Надя вздрогнула. Легкий холодок прошел по ее телу. Она разом поняла, на что намекал итальянец, сердце ее сжалось от невольного отвращения.
– Нет, нет! Никакого насилия и никаких кровавых мер! У нас в России так не поступают, Торнези! – убедительно и пылко прошептала она.
– О-о!.. – не то простонал, не то вздохнул Торнези. – А они поступают лучше, когда вешают военнопленных как дезертиров? О, мой отец! О, мой бедный отец! Я отомщу за тебя этим соба…
Он не договорил. Легкий шум послышался в ближайшем кустарнике, и Торнези с быстротою и ловкостью тигра отпрянул в сторону. Надя изумленно огляделась кругом – и вдруг вся похолодела и замерла от неожиданности и испуга.
Прямо к ней, так же как и она, лежа на земле, полз неприятельский солдат, очевидно французский лазутчик или отбившийся от отряда разведчик. Он не видел еще Нади, укрытой кустарником, и, в свою очередь, пополз, осторожно озираясь во все стороны.
Девушке оставалось только припасть к земле и выжидать его приближения. Сердце ее уже не стучало больше, а только болезненно сжималось в груди в томительном ожидании неизбежной стычки. Теперь, при ярком освещении месяца, ей было хорошо видно лицо противника. Это был юноша не старше 18 лет. И лицо его, носившее на себе след юношеского добродушия и наивности, было очень миловидно и как-то трогательно-простодушно. Сердце Нади сжалось больнее при виде этого наивно-простодушного юношеского лица и всей фигуры молоденького солдата, идущего на верную смерть.
А он, ничего не подозревая, продолжал ползти, поминутно поворачивая голову то вправо, то влево… Очевидно, в лагере почуяли близость русского отряда и выслали свой секрет в лице этого юноши, а может быть, еще и других, которые не попались еще на пути русского секрета. Теперь француз был всего на двухаршинном[63] расстоянии от девушки. Только небольшая группа можжевельника разъединяла их в эту минуту.
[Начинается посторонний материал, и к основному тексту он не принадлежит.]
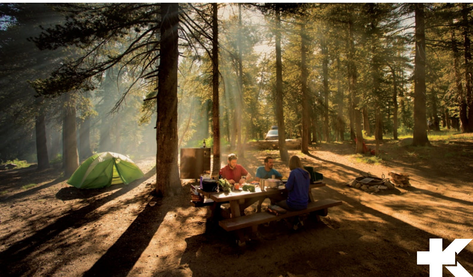
Halulite Ketalist GSI 50263
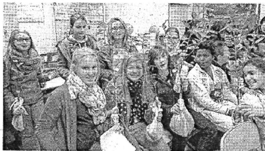
Les collégiens ont pris possession de leur pommier qui a déjà dû être replanté dans un jardin.
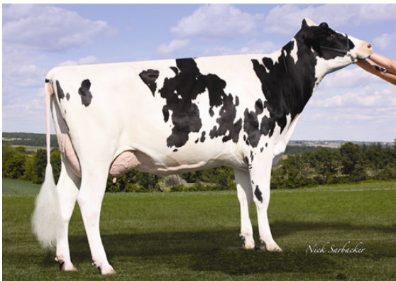
RINGA-LEA BIGSTONE 1224
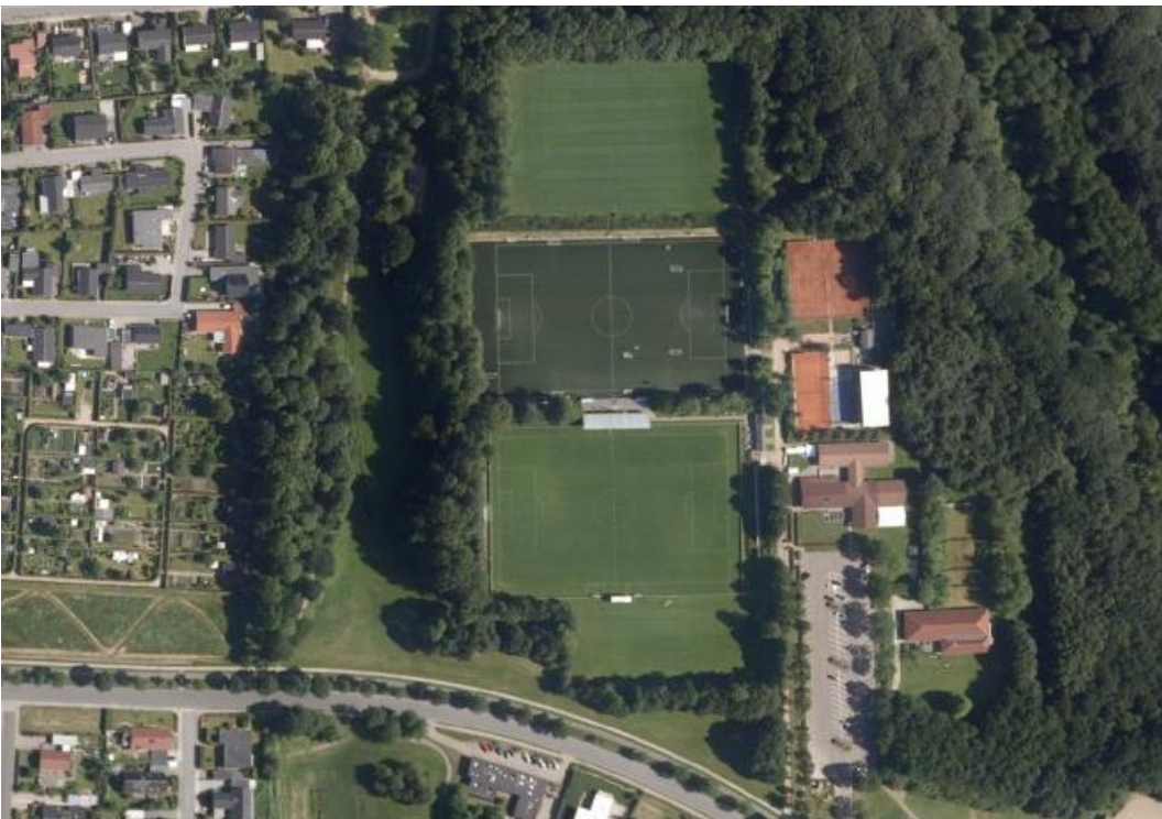
Luftfoto med kunstgræsbanen. Sommer 2024.
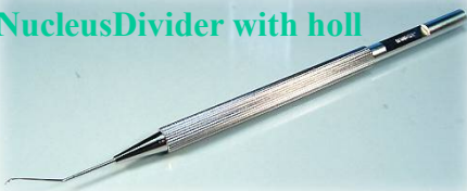
Nucleus Divider with holl
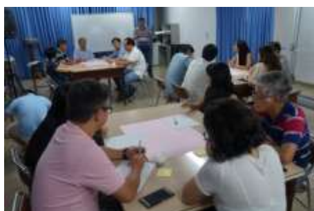
日系人のアイデンティティ に関するワークショップ
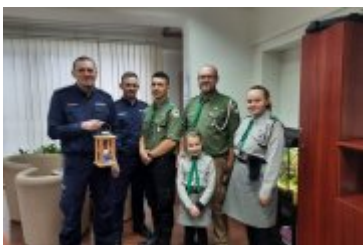
• 2022-12-23-Betlejemskie Światło Pokoju
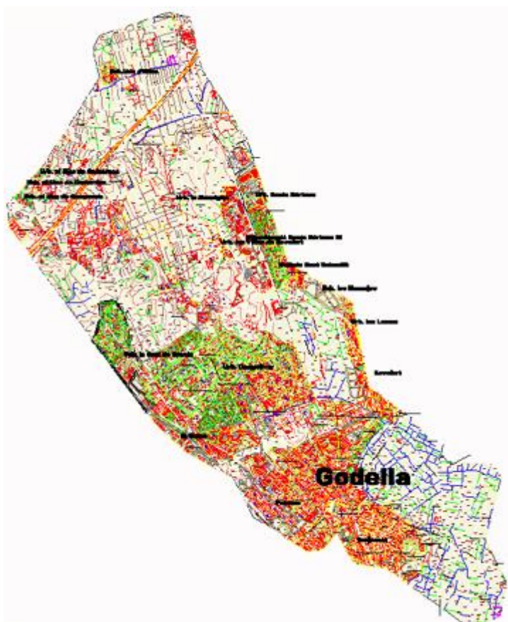
Municipi de Godella, situat a la comarca de l'Horta Nord (València)

Fa al voltant d'un segle que l'Institut Geogràfic Nacional va dur a terme els treballs topogràfics per a definir i cartografiar la delimitació dels municipis a tot Espanya de forma sistemàtica. La importància d'estes operacions radica en el fet que és la primera vegada que es mesura i legitima de forma completa la divisió municipal del país, per mitjà d'actes de delimitació. Este fet implicava l'acord sobre la situació dels mollons i línies límit, l'alçament topogràfic dels perímetres municipals i el traçat en una cartografia a escala 1:25.000. Estos treballs van ser la culminació d'un llarg procés que va començar amb la primera definició moderna de municipi, que es va fixar en la Constitució de 1812 o de Cadis.
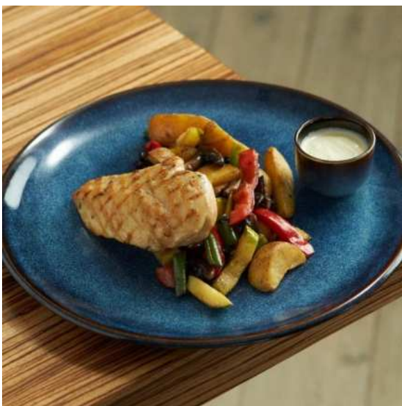
Куриная грудка, обжаренная на гриле с овощами, стручковой фасолью и горчичным соусом. 360 г

Вдруг юноша испуганно приподнялся и, встав на колени, вытянул шею и взглянул в сторону куста. И лицо его разом покрылось смертельною бледностью, судорога испуга пробежала по его губам, которые раскрылись беспомощно, как у ребенка…
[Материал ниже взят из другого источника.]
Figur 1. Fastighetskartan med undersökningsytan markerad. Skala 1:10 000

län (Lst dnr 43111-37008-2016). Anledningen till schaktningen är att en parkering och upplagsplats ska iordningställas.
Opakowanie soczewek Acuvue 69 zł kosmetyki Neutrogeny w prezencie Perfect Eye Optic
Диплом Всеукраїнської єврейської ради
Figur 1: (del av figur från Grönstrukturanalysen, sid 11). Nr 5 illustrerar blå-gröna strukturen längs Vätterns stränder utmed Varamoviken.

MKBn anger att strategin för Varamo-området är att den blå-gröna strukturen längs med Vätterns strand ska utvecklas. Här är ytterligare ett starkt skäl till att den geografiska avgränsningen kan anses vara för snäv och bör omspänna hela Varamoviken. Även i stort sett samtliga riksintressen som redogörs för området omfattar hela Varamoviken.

– А-а-а!.. – закричал пронзительно француз и, выхватив из кобуры револьвер, ринулся с ним на Надю.
В ту же минуту за его плечами поднялась высокая фигура Торнези. Шашка блеснула при свете месяца, и юноша француз упал как подкошенный к ногам обезумевшей Нади.
Он еще дышал… Из запекшихся губ его слышались какие-то звуки… Девушка быстро наклонилась к умирающему, и до слуха ее явственно долетела фраза: О, Margueritte, ma pauvre Margueritte![64], произнесенная с трогательной и мучительной улыбкой запекшимися губами. Потом он вздохнул коротким, как бы сорвавшимся вздохом и умер с тем же недоумевающим взором и тою же улыбкой на устах.
Что-то кольнуло в сердце Надю…
Ведь у каждого из них могла быть и сестра, и невеста, и каждого из русских могли убить, и эти сестра и невеста осиротели бы с его смертью…
И этот мертвый юноша, эти детские губы, шепчущие имя Маргариты – сестры или невесты, и весь этот ужас войны, с ее кровопролитием и жертвами, – все это впервые мучительным кошмаром облегло ее душу.
– О, Торнези! К чему ты сделал это? – произнесла она с укором, указывая товарищу на распростертое перед ними тело юноши француза.